Suriname (Surinam) was originally established as the English colony of Willoughbyland by Lord Willoughby in 1650. The colony was captured by a Dutch force on 26 February 1667 during the Second Anglo-Dutch War. Under the terms of the treaties of Breda and Westminster, the English government accepted the loss of Suriname in exchange for receiving New Netherland (which they renamed New York) in North America. Slavery in Dutch Suriname was abolished in 1873, following a decade-long transition period. Suriname remained a Dutch colony until the German occupation of the Netherlands during World War II, during which the importance of its aluminium mines prompted its occupation by American troops. After the war, Suriname was returned to Dutch rule but promoted to a constituent country of the Kingdom of the Netherlands in 1954. It was granted full independence in 1975.

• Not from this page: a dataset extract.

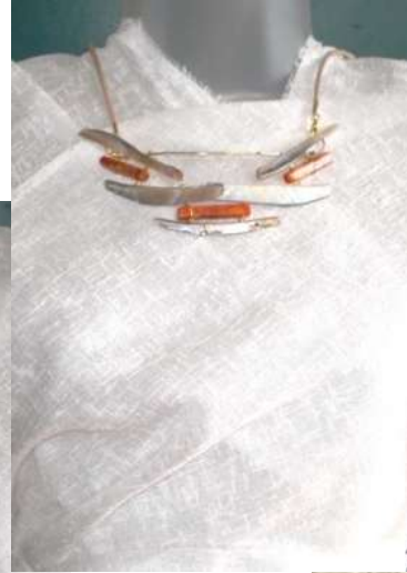
1211306 Madrepérola e coral

Suriname was known for its valuable sugar plantations so it fell into the hands of the Dutch in return for New Netherland when a treaty was signed in 1674.

===Guyana===

Pomeroon was established on its eponymous river in 1581 and destroyed by natives and Spaniards around 1596. Its original colonists fled to the ruins of an old Portuguese settlement on the island of Kyk-Over-Al in the Essequibo River and established New Zeeland (Nova Zeelandia). After a new fort was established in 1616, the colony became known as Essquibo (Essequebo). In similar fashion, settlements along the Berbice River became known as Berbice in 1627 and others along the Demerara River became Demerara (Demerary) in 1745. Pomeroon was briefly refounded in 1650 but destroyed by French pirates in 1689; later settlements were considered part of the other three colonies. Berbice was occupied by the French in 1712 during the War of Spanish Succession. It was also the site of a major slave uprising under Cuffy in 1763 and '64.

All three were repeatedly captured by the British, finally being ceded at the close of the Napoleonic Wars and reformed as Demerara-Essequibo and Berbice and then united as British Guiana. By 1814 the Netherlands surrendered Guyana to the United Kingdom.

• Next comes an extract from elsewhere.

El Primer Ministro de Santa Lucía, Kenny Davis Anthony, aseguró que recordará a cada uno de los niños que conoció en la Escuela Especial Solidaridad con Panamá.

===New Holland (Brazil)===

New Holland (Nieuw-Holland) comprised territories captured from the Iberian Union in northern and northeastern Brazil, held between 1630 and 1654, and claimed until the 1661 Treaty of the Hague. The conquest was the culmination of the "Grand Design", a plan by the West India Company to control the sugar trade by seizing the rich Brazilian plantations and the African slave ports necessary to resupply their labor force. A 1624 attempt held the Brazilian capital of Salvador da Bahia for a year but failed in Africa and finally yielded to a combined Luso-Spanish force. The Battle of Matanzas Bay provided the West India Company with a huge windfall of Spanish silver, which it used to successfully renew the plan. At its height, New Holland spread from Sergipe to Maranhão. Governor Maurits successfully managed the colony for years but, upon his recall to the Netherlands in 1643, the Portuguese planters began a long campaign against his successors. This struggle against the Dutch was later considered formative for later Brazilian independence. Newly independent, Portugal finally agreed to pay the Netherlands 4 million reais (63 metric tons of gold) for abandoning its claims to the territory.

===Chile===

In 1643 a Dutch fleet sailed from Dutch Brazil to Southern Chile with the goal of establishing a base in the ruins of the abandoned Spanish city of Valdivia. The expedition led by Hendrik Brouwer sacked the Spanish Fort at Carelmapu and the settlement of Castro in Chiloé Archipelago before sailing to Valdivia. The Dutch arrived to Valdivia on 24 August 1643, built a fort and named the colony Brouwershaven after Brouwer who had died several weeks earlier. The short-lived colony was abandoned on 28 October 1643 as they did not find the gold mines they had expected. Nevertheless, the occupation caused great alarm among Spanish authorities and the Spanish resettled Valdivia and begun the construction of an extensive network of fortifications in 1645 to prevent any similar intrusions from happening again. Although contemporaries considered the possibility of a new incursion, the expedition was the last one undertaken by the Dutch on the west coast of the Americas.